« Get Brexit done » : l’engagement de Boris Johnson est tenu, le Royaume-Uni a quitté officiellement les institutions européennes. Rappelons que les britanniques quittent l’Union Européenne mais restent territorialement nos proches voisins en Europe. Les conséquences seront sans doute nombreuses mais encore difficiles à évaluer.
Ce divorce a d’ailleurs déjà suscité de nombreux questionnements quant au visage et au fonctionnement du « monde d’après ». Car, ne le nions pas, l’influence britannique sur le cours et l’identité de la construction européenne a toujours été considérable.
Dans leur volonté constante d’élargir pour mieux diluer, dans leur lecture résolument libérale du marché européen, nos voisins d’Outre-Manche ont incontestablement imposé une sensibilité : ils ont mené - et souvent gagné - une bataille intellectuelle, celle des convictions, celle des « codes » et celle des idées.
Leur retrait place donc l’Europe à la croisée des chemins et doit la conduire à transformer l’épreuve en rebond. Pour cela, elle devra prolonger ce sens de l’unité dont elle a fait preuve sans la moindre défaillance au fil de trois années d’âpres négociations.
Dans cette optique, objectifs environnementaux, stratégie monétaire et fiscale de l’Union ou politique migratoire illustreront autant de sujets susceptibles d’éprouver à nouveau cette cohésion.
Et il en est un dont on parle moins mais qui s’avère être un enjeu décisif : la poursuite de l’harmonisation du système juridique européen.
Car en quittant l’Europe, la Grande-Bretagne a emporté avec elle sa « common law », ce système juridique issu du droit anglais non écrit et qui, de fait, a concurrencé jusqu’à présent le droit civiliste ayant cours sur notre continent.
Le Brexit éclaire donc l’horizon et offre aux États membres l’opportunité de faire converger leurs propres règles, en adoptant des instruments juridiques bâtis sur un socle commun.
Le défi n’est pas mince. Car de cette ambition découlera la capacité - ou non - de l’Europe à résister notamment aux assauts du droit américain, transformé en véritable arme de guerre économique. Elle lui donnera aussi la force d’exporter un corpus de règles et de références en direction des opérateurs publics ou privés, à l’international.
Or, à l’aube d’une révolution technologique qui nous fera basculer définitivement dans l’ère de l’Intelligence artificielle, la question des bases de données devient stratégiquement majeure. Le numérique étant le nouveau véhicule du droit, l’Europe doit, on l’a vu, avancer unie, équipée des vecteurs digitaux aptes à promouvoir son propre système juridique.

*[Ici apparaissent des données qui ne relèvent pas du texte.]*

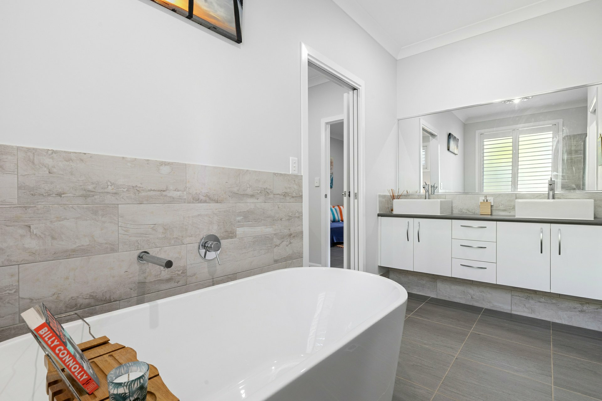 Back inside, the generous master suite features air-conditioning, walk-in robe and an ensuite with double vanity and a luxurious freestanding bath.

Ce faisant, c’est l’influence de notre modèle démocratique qui est en jeu : ses principes, ses idéaux et leur propension à irriguer la « philosophie » dominante du monde à venir.
Illusoire ? Avec le Règlement Général sur la Protection des Données (RGPD), l’Europe a démontré sa volonté et sa capacité à encadrer le traitement des données de façon égalitaire sur son propre territoire, et même au-delà parfois, avec une attention particulière accordée aux droits des personnes.
Soyons-en conscients : ce combat à la fois culturel et technique est au centre de nos valeurs européennes et constitue une affirmation de notre souveraineté.
En clair, l’accélération des avancées technologiques intensifie également le développement du droit du numérique confirmant par là-même que la frontière peut être ténue entre une société ouverte et transparente et un monde soumis à …« Big brother ».
C’est là qu’interviennent la règle et l’éthique : un certain rapport à ce qui est civilisé et puis l’attachement aux valeurs dont nous, peuples européens, sommes tous héritiers.
Au moment d’inaugurer le « temps du post-Brexit » souvenons-nous de Gramsci : « Celui qui ne sait pas d’où il vient ne peut pas savoir où il va ».